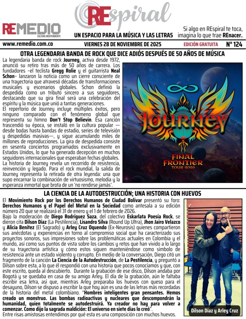 RESPIRAL . Boletín 124 – 11.28.2025 Viernes noviembre 28/2025 elremedioderocko@gmail.com REspiral 0 Email * Suscribirse Alicia BenítezDiego Rodríguez SazaDon't Stop BelievinFinal Frontier Tour 2026Gregg RolieJhon Jairo VelazcoJourneyJuan Carlos PrietoLa Ciencia de la AutodestrucciónLisandro SilvaMovimiento Rock por los Derechos Humanos de Ciudad BolívarNeal SchonRound Up Ultra
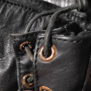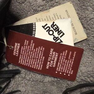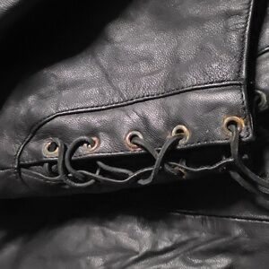 Vintage genuine leather riding jacket. Still unworn with tags. It does look to be an older storage rescue. Very nice red florals that really make it stand out! I would replace the side tie eyelets(age/stoage humidity?), but everything else looks to be in excellent condition. Who wants to bring her out for a cruise? See all pictures!
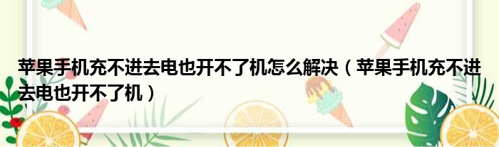 苹果手机充不进去电也开不了机怎么解决(苹果手机充不进去电也开不了机)
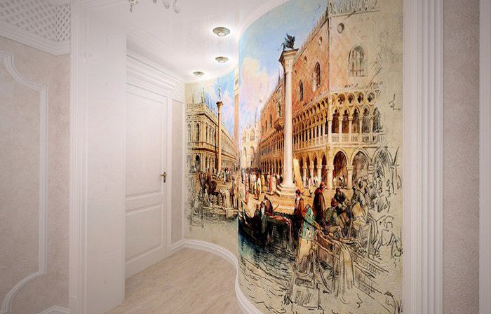 - Фреска. Неочаквано и оригинално решение е използването на стенописи в дизайна на скромна зона на коридора. Ако изберете правилния чертеж, стенописът визуално ще разшири стаята, ще създаде перспектива и ще отклони вниманието от тесното пространство.
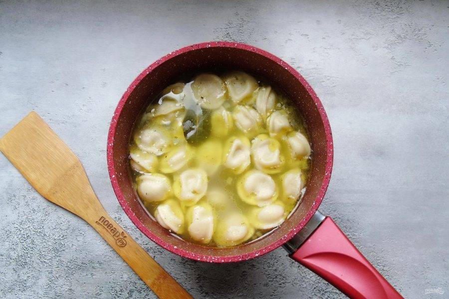 Когда овощи в супе будут доведены до полуготовности, выложите в кастрюлю пельмени и лавровый лист.
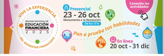 La Semana Nacional de Educación Financiera (SNEF) se está realizando bajo dos modalidades: En la Plataforma virtual, SNEF Game, del 20 de octubre al 31 de diciembre y Presencial del 23 al 26 de octubre en las inmediaciones del Monumento a la Revolución de la CDMX de 9 a 17 horas; además de que habrá transmisiones de radio en la presencial, por la frecuencia de match en el 99.3 de FM. https://eduweb.condusef.gob.mx/snef/index.html
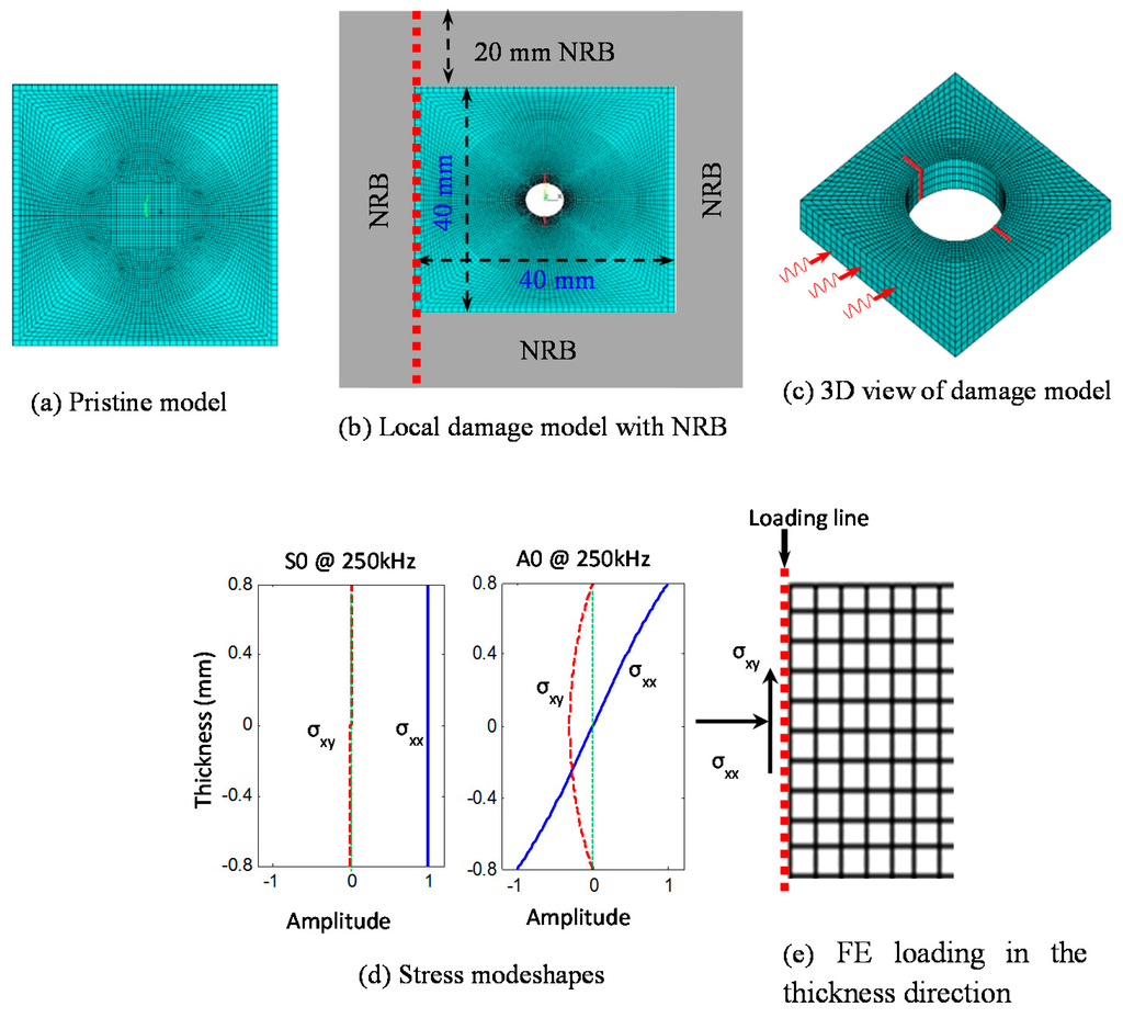 Illustration of local finite element method (FEM) modeling (a) Pristine model; (b) Local damage model with NRB; (c) 3D view of damage model; (d) Stress modeshapes; (e) FE Loading in the thickness direction.
··········
Exercise description = Omit every picture while copying the listing above exactly.

Worked solution =
 RESPIRAL . Boletín 124 – 11.28.2025 Viernes noviembre 28/2025 elremedioderocko@gmail.com REspiral 0 Email * Suscribirse Alicia BenítezDiego Rodríguez SazaDon't Stop BelievinFinal Frontier Tour 2026Gregg RolieJhon Jairo VelazcoJourneyJuan Carlos PrietoLa Ciencia de la AutodestrucciónLisandro SilvaMovimiento Rock por los Derechos Humanos de Ciudad BolívarNeal SchonRound Up Ultra
 Vintage genuine leather riding jacket. Still unworn with tags. It does look to be an older storage rescue. Very nice red florals that really make it stand out! I would replace the side tie eyelets(age/stoage humidity?), but everything else looks to be in excellent condition. Who wants to bring her out for a cruise? See all pictures!
 苹果手机充不进去电也开不了机怎么解决(苹果手机充不进去电也开不了机)
 - Фреска. Неочаквано и оригинално решение е използването на стенописи в дизайна на скромна зона на коридора. Ако изберете правилния чертеж, стенописът визуално ще разшири стаята, ще създаде перспектива и ще отклони вниманието от тесното пространство.
 Когда овощи в супе будут доведены до полуготовности, выложите в кастрюлю пельмени и лавровый лист.
 La Semana Nacional de Educación Financiera (SNEF) se está realizando bajo dos modalidades: En la Plataforma virtual, SNEF Game, del 20 de octubre al 31 de diciembre y Presencial del 23 al 26 de octubre en las inmediaciones del Monumento a la Revolución de la CDMX de 9 a 17 horas; además de que habrá transmisiones de radio en la presencial, por la frecuencia de match en el 99.3 de FM. https://eduweb.condusef.gob.mx/snef/index.html
 Illustration of local finite element method (FEM) modeling (a) Pristine model; (b) Local damage model with NRB; (c) 3D view of damage model; (d) Stress modeshapes; (e) FE Loading in the thickness direction.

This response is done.